There’s a particular sinking feeling that many Central Europeans are no doubt familiar with. It arises when, listening to a British or American scholar at a conference or seminar, you realise that no matter how many books you read or how solid your ideas are, you will never speak or write as stylishly or confidently in English as they do.

Native fluency in academia’s lingua franca, elite education and early immersion in academic norms give them a kind of structural advantage – one that others learn to live with but can rarely overcome.  

Or so I thought.

Lately, I’ve been experimenting with generative AI – not to outsource my thinking but to sharpen how I communicate it. The result? My writing has become faster, clearer and more precise. It’s a strange feeling: I’m still me, but with a kind of intellectual exoskeleton.

My experience – which is surely far from unique – raises an uncomfortable question, however: has the golden rule of academic survival – publish or perish – now been supplemented by another – AI or die?  

I don’t mean that AI will replace scholars (at least, I hope it won’t). But it could fundamentally reshape what academic excellence looks like, how it’s achieved, and who gets to perform at the top level. And that deserves a closer look.

One of the most visible changes brought by co-intelligence tools is the quiet redistribution of cognitive labour. Tasks that once demanded painstaking effort – rewording awkward phrases, translating ideas into academic English, drafting outlines – can now be semi-automated. Clarity and speed are no longer tied solely to personal skill or linguistic fluency but to how fluently you can direct and shape the output of large language models. And if what we currently call “excellence” is in part the ability to produce clean, persuasive texts efficiently, then excellence potentially stands to be more equitably shared. 

There are limits to AI’s impact on equity, however. Scholars in under-resourced institutions may struggle to access the same benefits. So may those working in languages not well supported by mainstream AI models. And those who lack technical proficiency or who are disturbed about the absence of clear norms for AI use may also be left behind.

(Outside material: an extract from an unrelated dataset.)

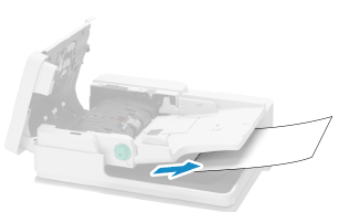 피더 커버 안쪽에 원고가 걸린 경우 화살표 방향으로 부드럽게 당겨 빼냅니다.

Regarding those norms, everyone seems to agree that the author must remain responsible for the content, regardless of how much AI was involved. But there is no consensus about how to integrate these tools into the writing process or how – or even whether – to acknowledge their contribution.  

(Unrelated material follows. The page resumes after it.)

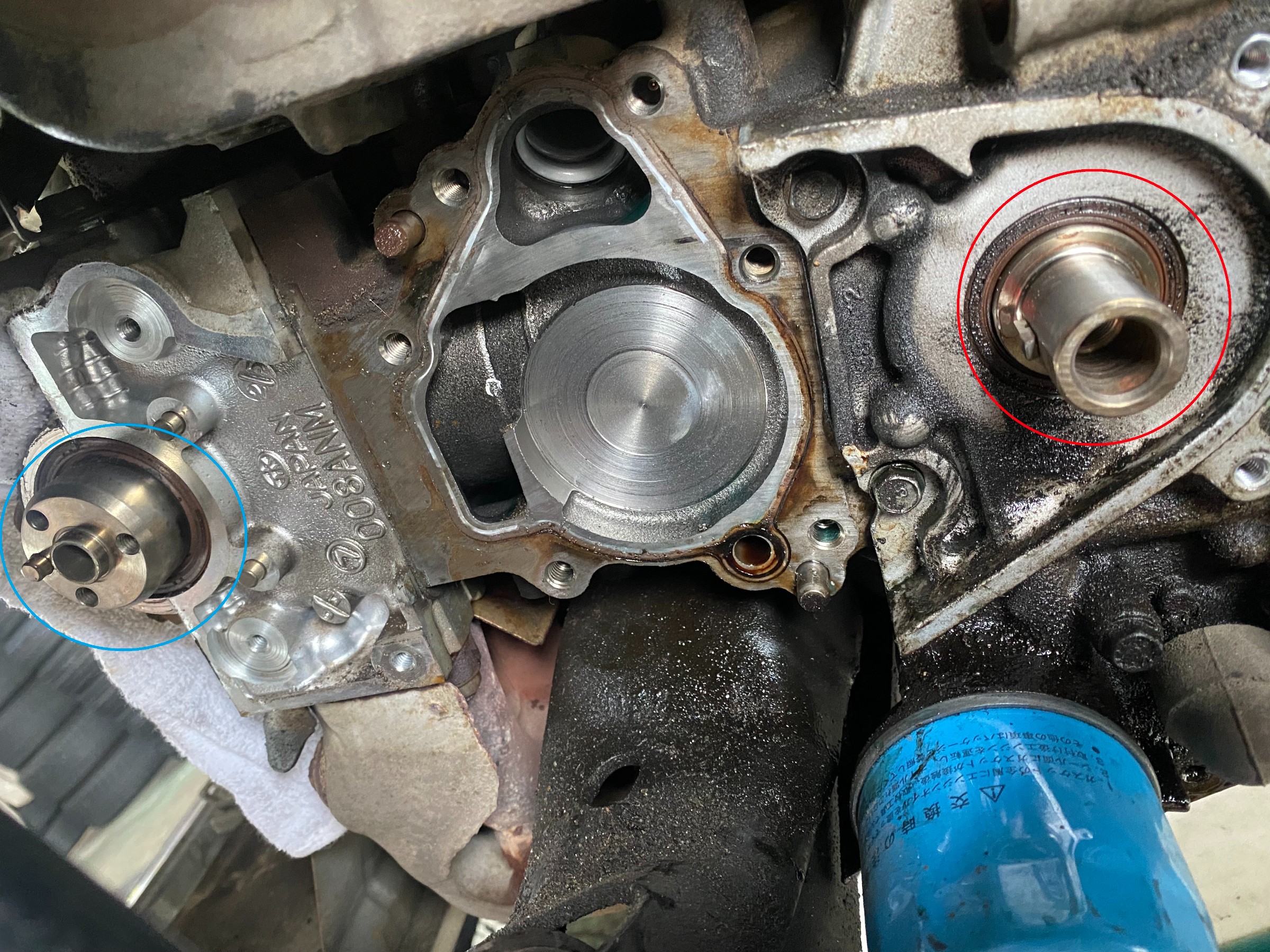 青丸がカムシャフト(オイルシール)

In my view, AI literacy should be treated not as a technical add-on but as a core academic competency – on a par with information literacy or source evaluation. Some universities, particularly in the UK and US, have already accepted that and have established AI literacy programmes to help more cautious or overwhelmed colleagues catch up with the early adopters – Arizona State University’s initiative is often cited.

But other institutions, particularly in Central and Eastern Europe, remain hesitant, still seeing AI use as suspect or even unethical. Some journals and ethics boards have also been cautious. And amid such uncertainty, the unofficial policy has become: use it if you want to, but don’t talk about it too loudly – at least, not in meetings.

But if we accept, as we must, that AI usage is inevitable, we must grapple with the fundamental question of what, exactly, is still “ours” in the work we produce when the wording, structure and even some of the intellectual scaffolding is co-generated with AI.  

As philosophers of technology, such as Shannon Vallor or David J. Gunkel, have argued, co-produced knowledge challenges the deeply individualistic framework of authorship on which academic prestige rests. We may also need to rethink the concepts of originality and even intellectual contribution.

Centring them on synthesis, judgement and direction might make sense, but I don’t have answers. In fact, I’m not even sure I fully understand the terrain we’re entering. But if we fail to keep our eyes open and engage with the implications of where we are going – ethical, pedagogical and institutional – we may find that not just the distribution but the very meaning of academic excellence has already shifted, while we are still arguing over whether it should.

Jakub Drábik is lecturer in history at the Anglo-American University in Prague and senior research fellow in the Institute of History at the Slovak Academy of Sciences.